Can I run multiple AI agent frameworks on separate tunnels at the same time?
Yes. Each framework should listen on a different port (e.g., LangChain on 8000, MCP server on 3000, AutoGen on 8001). Create a separate HTTP tunnel in the Localtonet dashboard for each port. Each tunnel gets its own public URL and operates independently.
My agent runs long tasks. Will the tunnel connection time out?
Standard HTTP connections time out after 30-60 seconds on most proxies. For agent tasks that take longer, switch to streaming responses using Server-Sent Events (SSE) or WebSocket transport. LangServe, AutoGen, and the OpenAI Agent SDK all support streaming. The tunnel handles SSE and WebSocket connections without any special configuration.
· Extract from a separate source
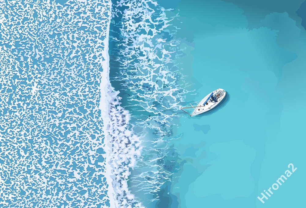 蒼い波間に浮かぶヨットを描いてみました。ここはバリ島のレギャンビーチ。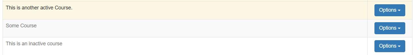 Courses that are active will appear with a yellow background. Inactivated courses appear with a white background. Inactive courses will not be available to select when starting an evaluation.

How do I expose a CrewAI agent for remote access?
CrewAI doesn't ship a built-in HTTP server. Wrap your crew.kickoff() call inside a FastAPI POST endpoint, bind FastAPI to 0.0.0.0:8000. Then in the Localtonet dashboard, create an HTTP tunnel for port 8000 and start it. Remote callers POST to your public URL, the FastAPI handler triggers the crew, and the result returns in the HTTP response.
Does Localtonet work on a machine behind a VPN or corporate proxy?
In most cases yes, because the Localtonet Client connects outbound over HTTPS (port 443), which corporate proxies and VPNs typically allow. If your environment blocks outbound connections to non-standard ports or requires proxy authentication, check the Localtonet documentation for proxy configuration options for the Client.